In reaching this decision, the EEOC held, "[s]exual orientation discrimination is sex discrimination because it necessarily entails treating an employee less favorably because of the employee's sex."  In reaching its conclusion, the Commission held "[d]discrimination on the basis of sexual orientation is premised on sex-based preferences, assumptions, expectations, stereotypes, or norms.  'Sexual Orientation' as a concept cannot be defined or understood without reference to sex," which is language from the landmark Supreme Court case of PriceWaterhouse v. Hopkins, 490 U.S. 228 (1989). 
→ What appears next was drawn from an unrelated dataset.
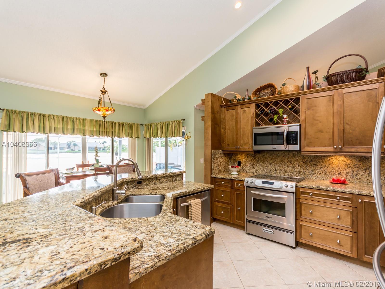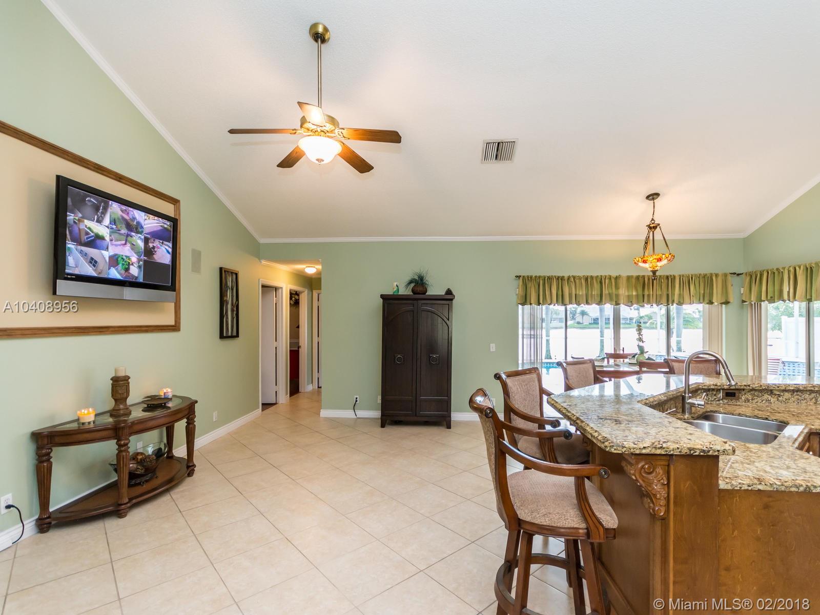 Amazing single family home in the heart of Pembroke Pines The Sapphire Model is one of the most sought after floor plans in Spring Valley. Kitchen has been upgraded with granite, new wood cabinets, matching Bar Stools & stainless steel appliances. Ceramic Tile and Pergo floors throughout. Formal Dinning Rm. Living Rm. & Family Rm. with Crown Molding Separate Washer/Dryer Laundry Rm with plenty of built in storage cabinets. Covered patio with screened in Salt Water Heated pool & spa overlooking the lake with large back yard and Fire Pit. Home has a Lorex Security Surveillance system with a 50” Plasma TV, 8 Cameras & Ring Door Bell. 2 car garage with extra wide driveway. Hurricane panels for all windows. Home has been very well maintained by owner and is in excellent move in condition.
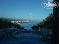 У нас сам номер располагался как в окгруглой части отеля, если смолтреть по фоткам на корпус, вот там как раз в этом закруглении и располагаются самые большие номера. Под самим окном был какой то песок, если смотреть вдаль, то видно немного трассу, вдалеке дома и горы. Нормальный вид, не ах конечно, зато ТИХО. А на вид на море я и на море насмотрелась)))

The EEOC also addressed previous court decisions that rejected the argument that Title VII applied to sexual orientation discrimination because Congress, in 1964, did not intend Title VII to apply to sexual orientation and, therefore, Title VII could not be interpreted to prohibit such discrimination. The EEOC also rejected other court of appeals decisions that relied on the fact that Congress has  debated, but not yet passed, legislation explicitly providing protections for sexual orientation (referring to the Employment Non-Discrimination Act (ENDA)), holding instead:

[t]he idea that congressional action is required (and inaction is therefore instructive in part) rests on the notion that protection against sexual orientation discrimination under Title VII would create a new class of covered persons.  But analogous case law confirms this is not true.  When courts held that Title VII protected persons who were discriminated against because of their relationships with persons of another race, the courts did not thereby create a new protected class of "people in interracial relationships."

The EEOC referring to associational discrimination.  A very interesting decision and it may be nigh time for the U.S. Supreme Court to address the issue if ENDA continues to be shelved in Congress.

The case is Complainant v. Foxx, E.E.O.C., Appeal No. 0120133080 (July 16, 2015).